**TASK REQUIREMENTS**
Output the records precisely as they stand. Pictures are to be skipped.
- - - - - - -
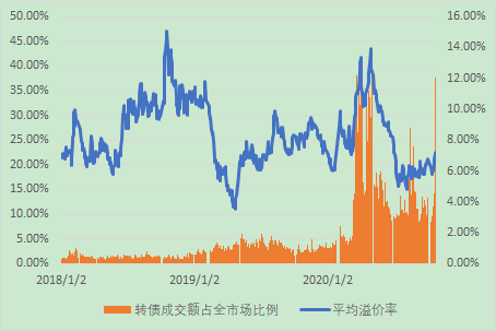 这种情况通常是因为市场情绪造成的,例如转股溢价低的可转债纷纷上涨,引起转股溢价率高的可转债也跟随上涨,并逐渐脱离债券底部。遇到这种情况,应及早兑现利润出局,因为一旦市场情绪转换,这些转债将是杀跌的首选。
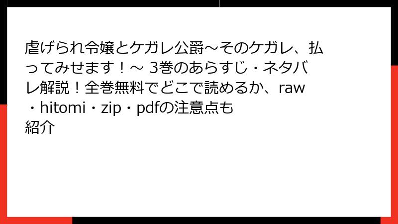 3. 虐げられ令嬢とケガレ公爵~そのケガレ、払ってみせます!~ をraw/hitomi/zip/pdf/漫画バンクなどの海賊版サイトで読むリスクを徹底解説! 法的罰則からウイルス感染まで完全公開
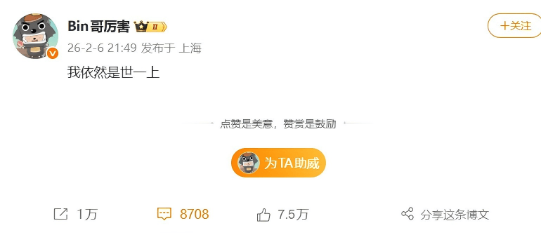 2月6日晚,因中单Knight与辅助ON的糟糕发挥,BLG以1-2不敌AL。原本赛后舆论都在指责Knight这么多年没练出一个沙皇,以及ON依旧没改掉有优势就浪、就送人头的坏习惯。可谁也没有想到,上单选手Bin突然发了一条名为“我依然是世一上”的微博,直接引来百万关注、超7.5万点赞,上万转发。
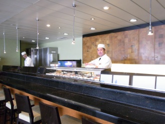 寿司バー「海彦」では、板前さんが仕込みの真っ最中でした。こちらではお寿司、お刺身、小料理のほか、この時期は鍋料理もいただけるそうです(有料)。
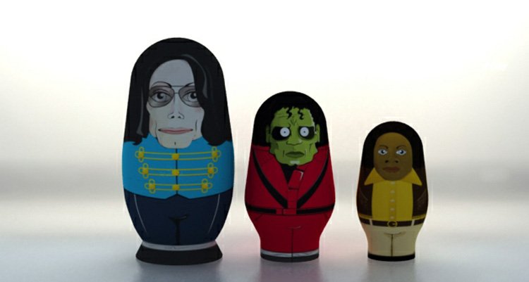 La matrioska comienza con un Michael de piel más clara simbolizando al cantante de la época final de su carrera, pasa por el traje que lucía Jackson en Thriller y termina en el pequeño componente de los Jackson 5. Esta muñeca rusa tan especial tiene un precio de 250 euros.
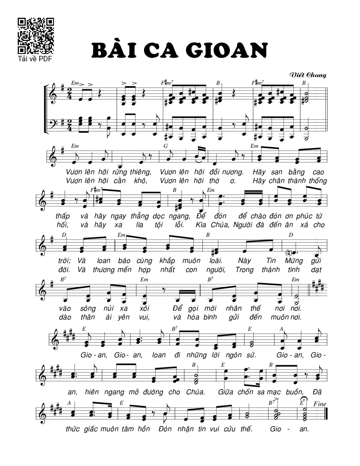 Sheet nhạc có nốt Bài ca Gioan của nhạc sĩ Viết Chung và file PDF nốt nhạc đăng lên đây nhằm giúp các bạn xướng âm cho đúng nốt và hát thêm hay, chỉ mang tính chất tham khảo, không có mục đích thương mại. Bản quyền thuộc về tác giả và tổ chức nắm bản quyền, Truongca.com không giữ bất kỳ bản quyền của nội dung nào cả. Các bạn có thể tải về bản PDF chất lượng cao, gồm khuông nhạc có nốt với đường link file PDF bên trên.
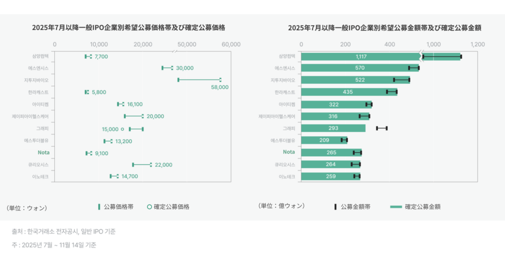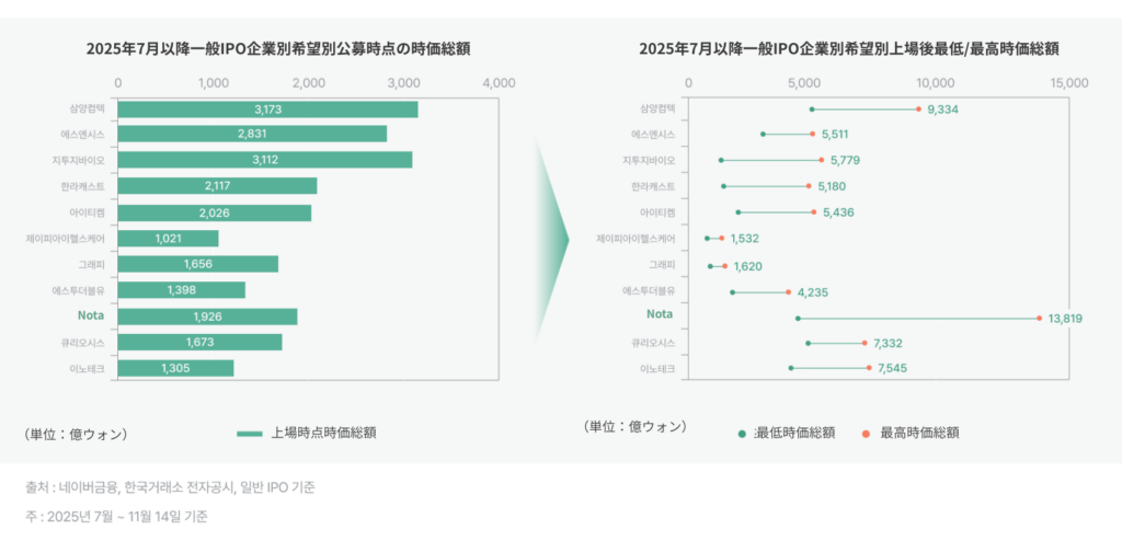 昨年末、技術成績評価を通過したNotaは2025年5月22日、未来アセット証券を上場主管社としてKOSDAQ上場審査を請求し、7月29日審査承認を経て、10月14日から20日まで需要予測日程を進めました。最終的に11月3日にKOSDAQ新規上場を完了しました。
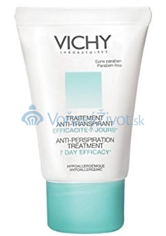 Antiperspirant **Vichy 7 Day**. Antiperspirant Vichy 7 Day zanechává pokožku zdravou, jemná pokožka a s příjemným pociten po celých 48 hodin. Cílený účinek proti vlhkosti a pachu. Bez alkoholu - hypoalergenní. Testováno pod dermatologickou kontrolou. **Použití**: Naneste v tenké vrstvě na čistou a suchou pokožku.
- - - - - - -
**THE COMPLETED TASK**
 这种情况通常是因为市场情绪造成的,例如转股溢价低的可转债纷纷上涨,引起转股溢价率高的可转债也跟随上涨,并逐渐脱离债券底部。遇到这种情况,应及早兑现利润出局,因为一旦市场情绪转换,这些转债将是杀跌的首选。
 3. 虐げられ令嬢とケガレ公爵~そのケガレ、払ってみせます!~ をraw/hitomi/zip/pdf/漫画バンクなどの海賊版サイトで読むリスクを徹底解説! 法的罰則からウイルス感染まで完全公開
 2月6日晚,因中单Knight与辅助ON的糟糕发挥,BLG以1-2不敌AL。原本赛后舆论都在指责Knight这么多年没练出一个沙皇,以及ON依旧没改掉有优势就浪、就送人头的坏习惯。可谁也没有想到,上单选手Bin突然发了一条名为“我依然是世一上”的微博,直接引来百万关注、超7.5万点赞,上万转发。
 寿司バー「海彦」では、板前さんが仕込みの真っ最中でした。こちらではお寿司、お刺身、小料理のほか、この時期は鍋料理もいただけるそうです(有料)。
 La matrioska comienza con un Michael de piel más clara simbolizando al cantante de la época final de su carrera, pasa por el traje que lucía Jackson en Thriller y termina en el pequeño componente de los Jackson 5. Esta muñeca rusa tan especial tiene un precio de 250 euros.
 Sheet nhạc có nốt Bài ca Gioan của nhạc sĩ Viết Chung và file PDF nốt nhạc đăng lên đây nhằm giúp các bạn xướng âm cho đúng nốt và hát thêm hay, chỉ mang tính chất tham khảo, không có mục đích thương mại. Bản quyền thuộc về tác giả và tổ chức nắm bản quyền, Truongca.com không giữ bất kỳ bản quyền của nội dung nào cả. Các bạn có thể tải về bản PDF chất lượng cao, gồm khuông nhạc có nốt với đường link file PDF bên trên.
 昨年末、技術成績評価を通過したNotaは2025年5月22日、未来アセット証券を上場主管社としてKOSDAQ上場審査を請求し、7月29日審査承認を経て、10月14日から20日まで需要予測日程を進めました。最終的に11月3日にKOSDAQ新規上場を完了しました。
 Antiperspirant **Vichy 7 Day**. Antiperspirant Vichy 7 Day zanechává pokožku zdravou, jemná pokožka a s příjemným pociten po celých 48 hodin. Cílený účinek proti vlhkosti a pachu. Bez alkoholu - hypoalergenní. Testováno pod dermatologickou kontrolou. **Použití**: Naneste v tenké vrstvě na čistou a suchou pokožku.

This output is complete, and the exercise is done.